To his credit, Bruni devotes his last 60 pages to good ideas about what can and should be done to change course. The proposals are practical. Things like open primaries and rank-choice voting, job training for people in mid-life, and regulation of social media.

But his major solution was a surprise to me, albeit an agreeable one. If grievance gluttony is your problem, you might think the solution is gratitude. Count your blessings, be thankful, look on the bright side, etc.

But no, Bruni says the antidote to grievance is “humility.” Taking yourself a little less seriously. Be less inclined to be sure you are right and that you know it all. Imagining you have much to learn. Getting the facts before moving to Defcon-12 and full cancellation mode.

As an exemplar of what he has in mind, Bruni cites the popular Republican governor of blue-state Massachusetts, Charlie Baker, who is fond of quoting a verse from the New Testament, “Do nothing out of selfish ambition or vain conceit, rather, in humility, value others above yourself.” (Philippians 2:3)

Which allows me to suggest — no surprise to my readers — that the atrophy of a once prevailing religious and truly Christian ethos and ethic (as opposed to the grievance-driven “Christian Nationalism,”) is a core part of the problem.
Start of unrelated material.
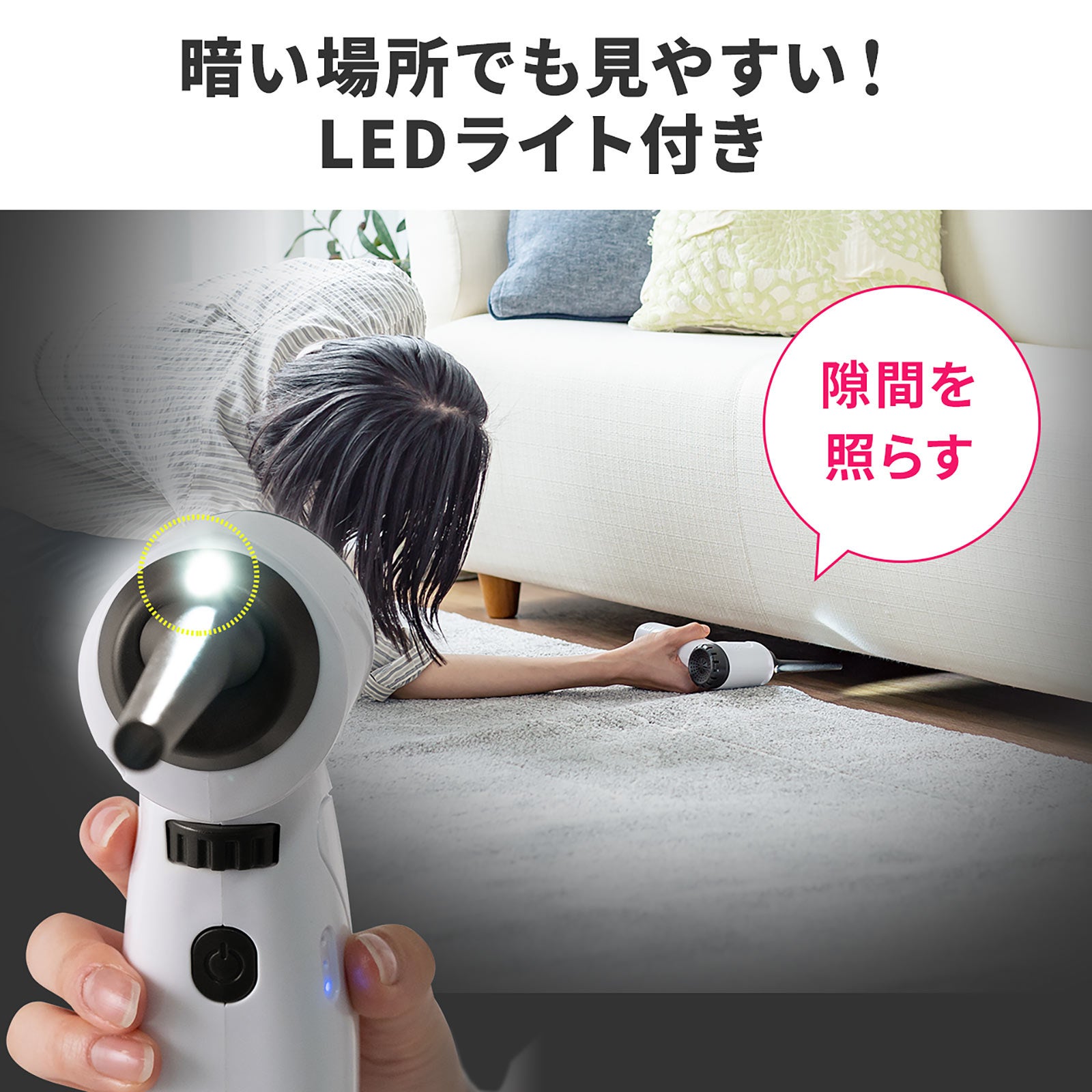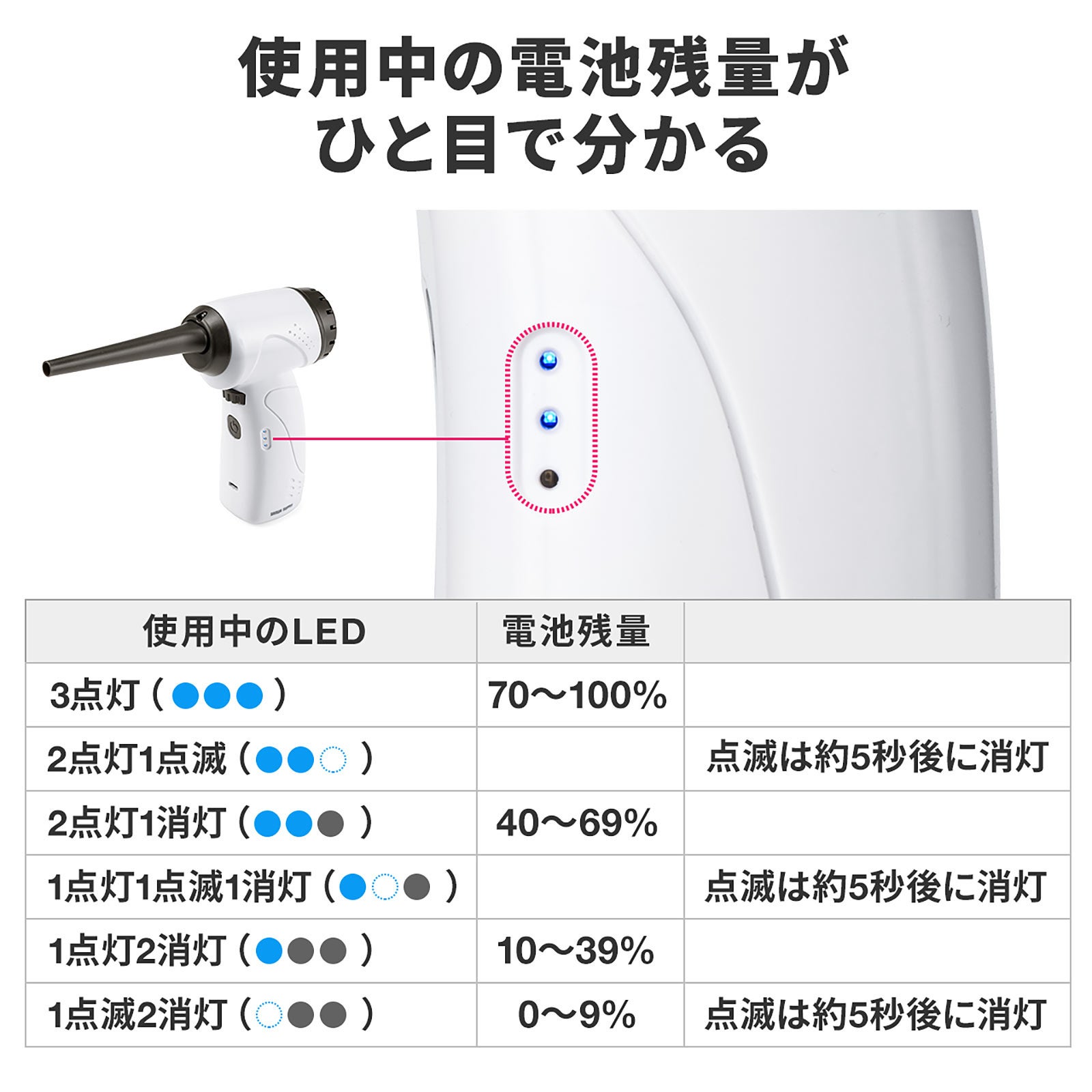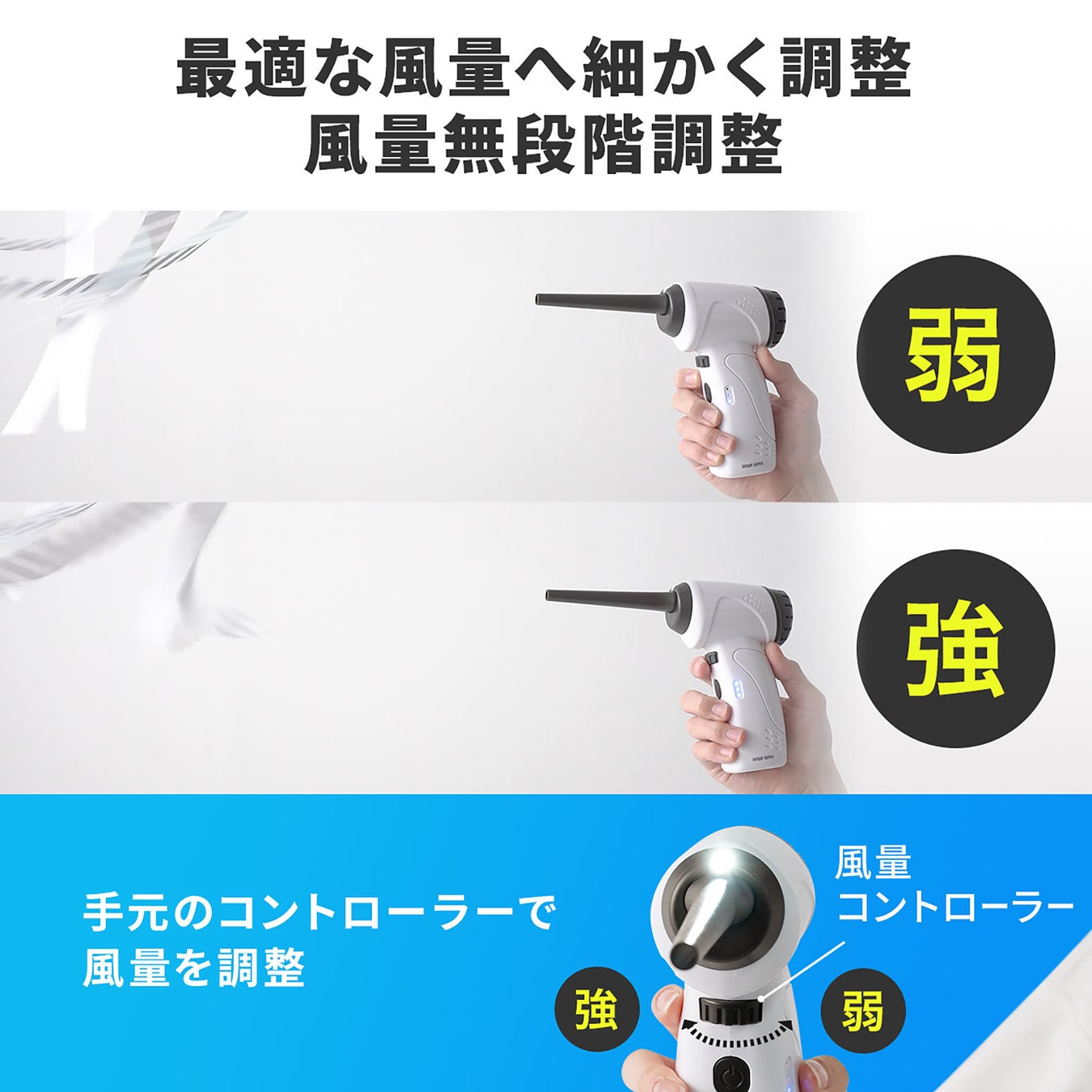 電動エアダスター 充電式 無段階風量調整 LEDライト付 ガス不使用 ノズル付き

That was, and is, a spiritual tradition that taught humility as a core value grounded in the knowledge that there is God, and it isn’t us.

Anthony B. Robinson
Anthony B. Robinson
Tony is a writer, teacher, speaker and ordained minister (United Church of Christ). He served as Senior Minister of Seattle’s Plymouth Congregational Church for fourteen years. His newest book is Useful Wisdom: Letters to Young (and not so young) Ministers. He divides his time between Seattle and a cabin in Wallowa County of northeastern Oregon. If you’d like to know more or receive his regular blogs in your email, go to his site listed above to sign-up.


  1. Arthur C. Brooks, in his column yesterday in “Atlantic” magazine, suggests an additional reason. Recent generations of American have been inclined to constantly preach to our children that they are wonderful, even perfect. Then when life inevitably proves to be full of unending adversity and they discover that they are sometimes or even often inadequate to those challenges, that can easily lead to grievance. If I’m so wonderful, then it must be the fault of other people and their tribes; it certainly can’t be due to my own inadequacies and imperfections, because I don’t have any. The result – one’s instinctive response to life’s challenges and imperfections becomes GRIEVANCE. Perhaps this is adjacent to the emphasis that Bruni places on humility, which you mention.

  2. It’s actually very simple. We hit limits.

    Society across the globe has spent centuries with constant improvements, or at least visibility to same. In 1700 most people were still peasants under kings, as they had been for a millennium. In the next 300 years most people lived in an affluence their ancestors would only have dreamed of, especially in the “West” and Asia.

    Limits. Climate disaster will inevitably require a downsizing of expectations. Fewer cars, more transit. Smaller homes in denser space. Happeneing at the same time local labor and capital markets are colliding.

    But hilariously amplified to the elimination of limits in other areas, Global comms technology means we all aspire to a standard the previous makes impossible. Local cultures die. No one can really believe their religion is absolutely true…we can all read about every other on in real time, while learning the faults of our own. Biotech is radically changing what and how we are human biologically.

    TL/DR: The future is finding out Warp Drive is practically impossible, your job is now done by a computer, you need to define your own meaning, and everyone learns this instantly online.